START EXTRACTED RECORDS

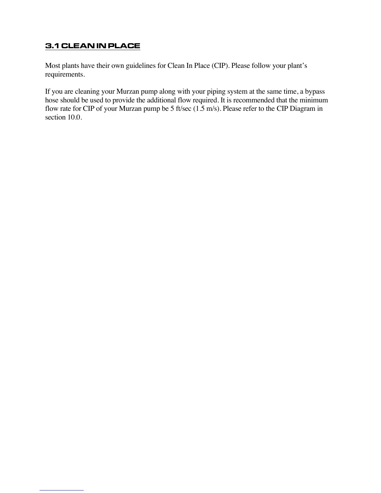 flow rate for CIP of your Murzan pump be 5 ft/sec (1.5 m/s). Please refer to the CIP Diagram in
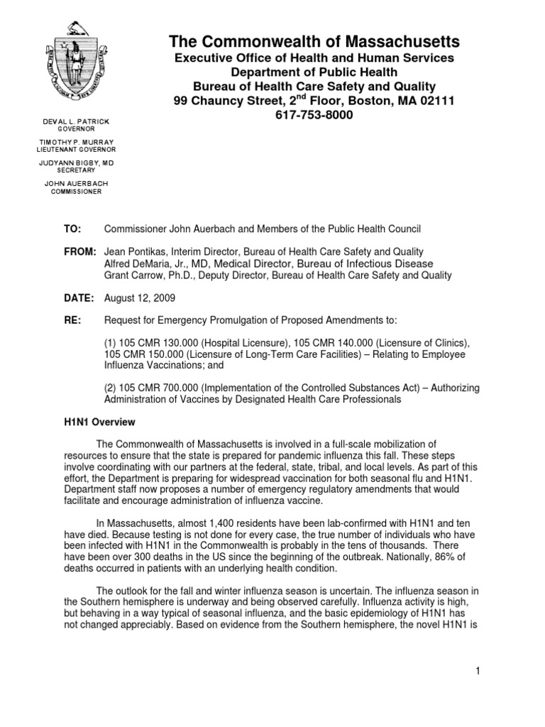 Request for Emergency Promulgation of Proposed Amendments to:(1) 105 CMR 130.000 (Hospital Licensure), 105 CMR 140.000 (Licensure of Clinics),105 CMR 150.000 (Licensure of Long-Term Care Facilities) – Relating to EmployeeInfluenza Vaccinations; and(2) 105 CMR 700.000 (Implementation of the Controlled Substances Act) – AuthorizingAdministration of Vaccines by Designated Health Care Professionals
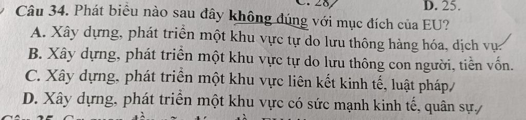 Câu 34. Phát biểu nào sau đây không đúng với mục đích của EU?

END EXTRACTED RECORDS
START EXTRACTED RECORDS

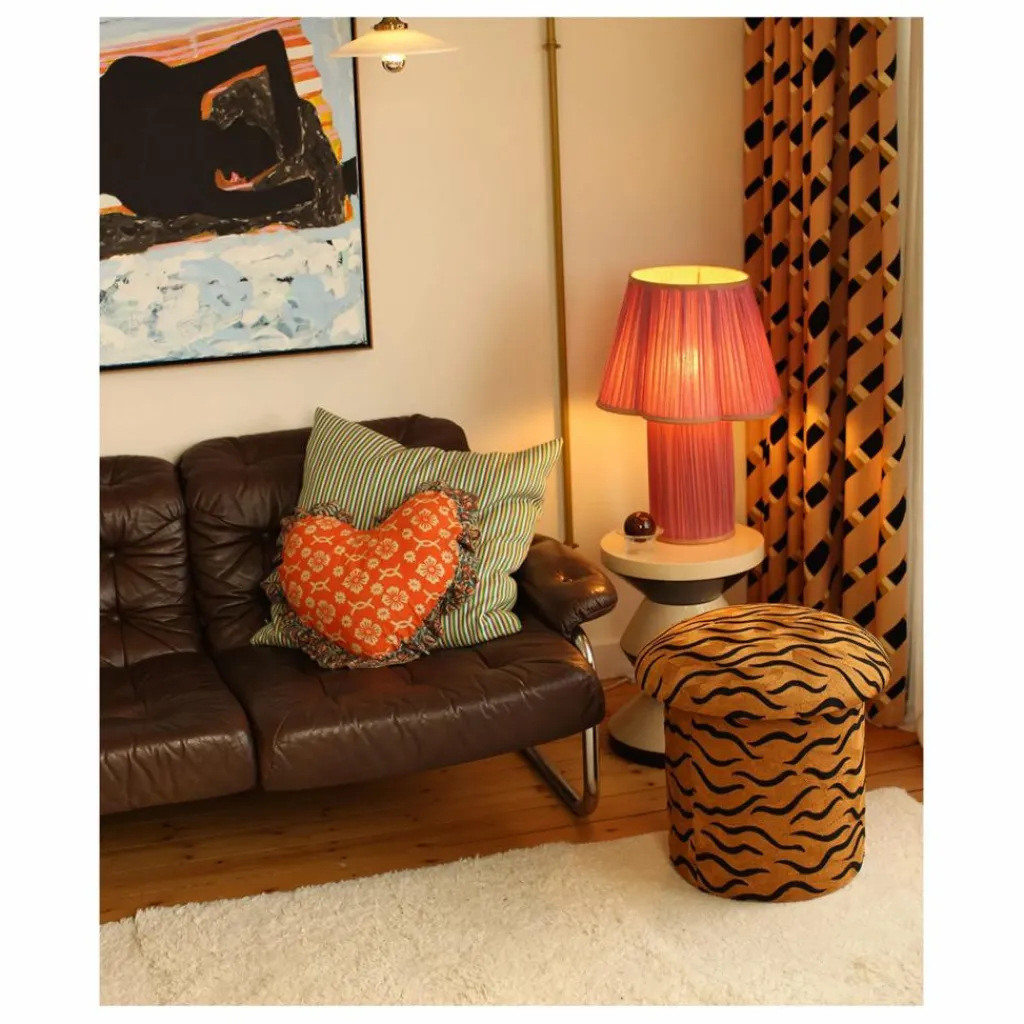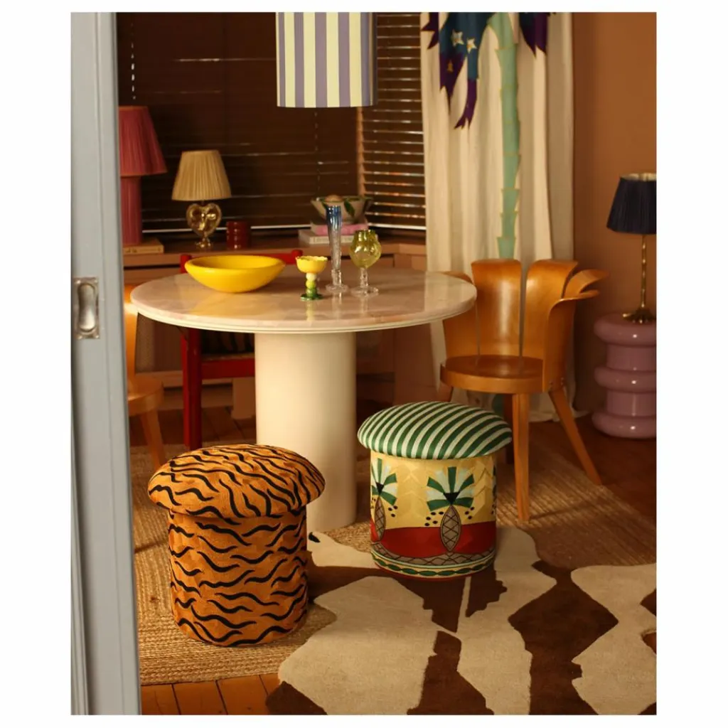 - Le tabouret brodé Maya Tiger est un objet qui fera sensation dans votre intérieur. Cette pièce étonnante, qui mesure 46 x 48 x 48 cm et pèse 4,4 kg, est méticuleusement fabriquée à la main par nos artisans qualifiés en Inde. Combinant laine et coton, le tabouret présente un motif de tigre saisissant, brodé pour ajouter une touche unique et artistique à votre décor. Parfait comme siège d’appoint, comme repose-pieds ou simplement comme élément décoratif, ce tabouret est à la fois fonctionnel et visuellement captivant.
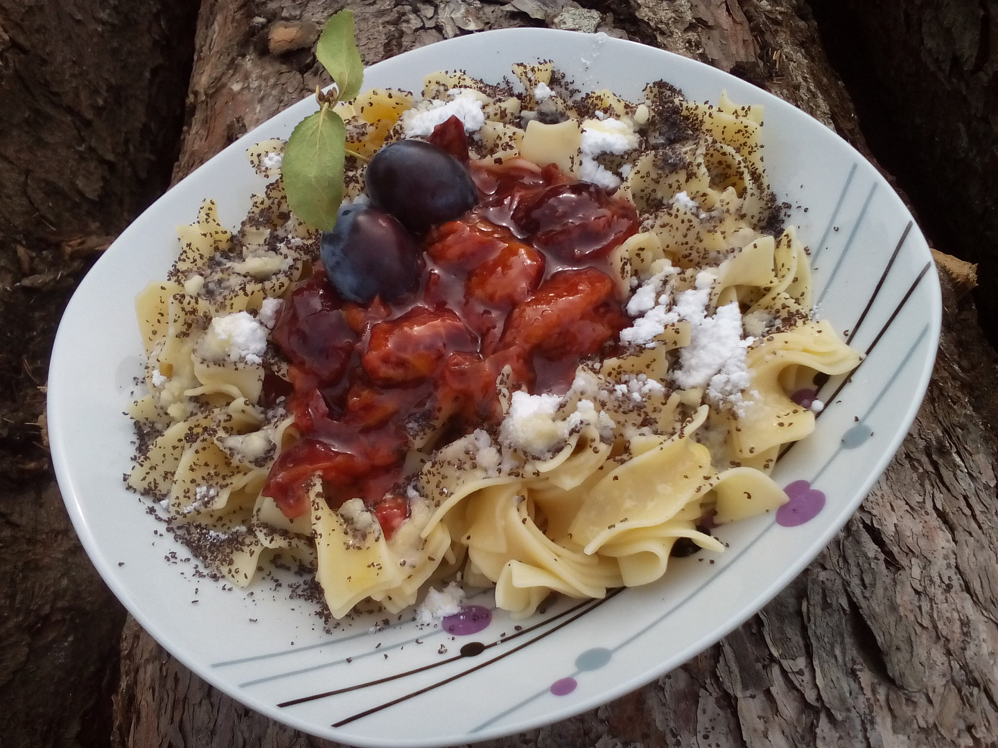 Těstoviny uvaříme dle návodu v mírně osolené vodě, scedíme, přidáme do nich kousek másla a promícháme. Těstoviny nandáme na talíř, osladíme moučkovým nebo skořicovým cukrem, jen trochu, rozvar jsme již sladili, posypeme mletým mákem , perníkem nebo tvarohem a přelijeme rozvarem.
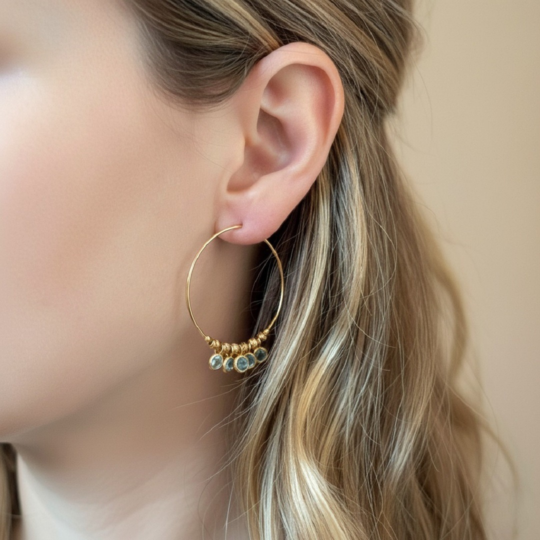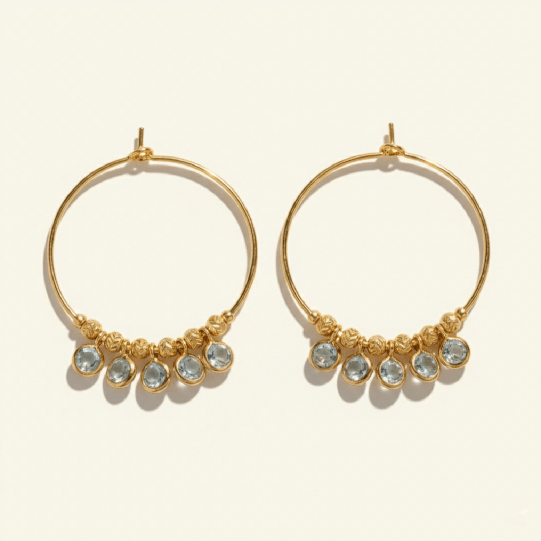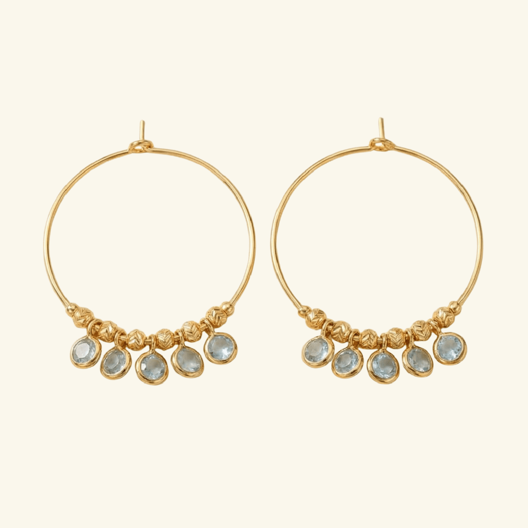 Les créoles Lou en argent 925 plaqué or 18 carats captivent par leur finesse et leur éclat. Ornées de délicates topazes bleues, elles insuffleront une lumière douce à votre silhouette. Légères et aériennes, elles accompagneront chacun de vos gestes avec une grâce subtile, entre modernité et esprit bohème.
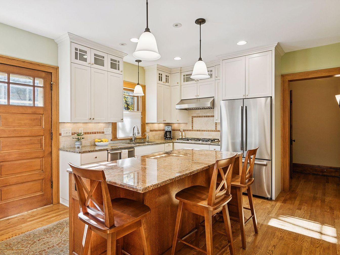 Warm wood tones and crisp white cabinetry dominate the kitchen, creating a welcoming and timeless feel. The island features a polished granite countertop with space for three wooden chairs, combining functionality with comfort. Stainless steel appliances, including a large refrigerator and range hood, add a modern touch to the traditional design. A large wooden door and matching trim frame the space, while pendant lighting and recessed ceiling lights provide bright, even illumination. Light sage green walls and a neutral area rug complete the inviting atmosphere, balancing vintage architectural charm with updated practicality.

END EXTRACTED RECORDS

→ **WORK ORDER**:
Beginning with the line above that contains "flow rate for" and finishing with the line that contains "Câu 34. Phát", print those lines exactly and only. Skip all pictures.

→ **THE ANSWER**:
 flow rate for CIP of your Murzan pump be 5 ft/sec (1.5 m/s). Please refer to the CIP Diagram in
 Request for Emergency Promulgation of Proposed Amendments to:(1) 105 CMR 130.000 (Hospital Licensure), 105 CMR 140.000 (Licensure of Clinics),105 CMR 150.000 (Licensure of Long-Term Care Facilities) – Relating to EmployeeInfluenza Vaccinations; and(2) 105 CMR 700.000 (Implementation of the Controlled Substances Act) – AuthorizingAdministration of Vaccines by Designated Health Care Professionals
 Câu 34. Phát biểu nào sau đây không đúng với mục đích của EU?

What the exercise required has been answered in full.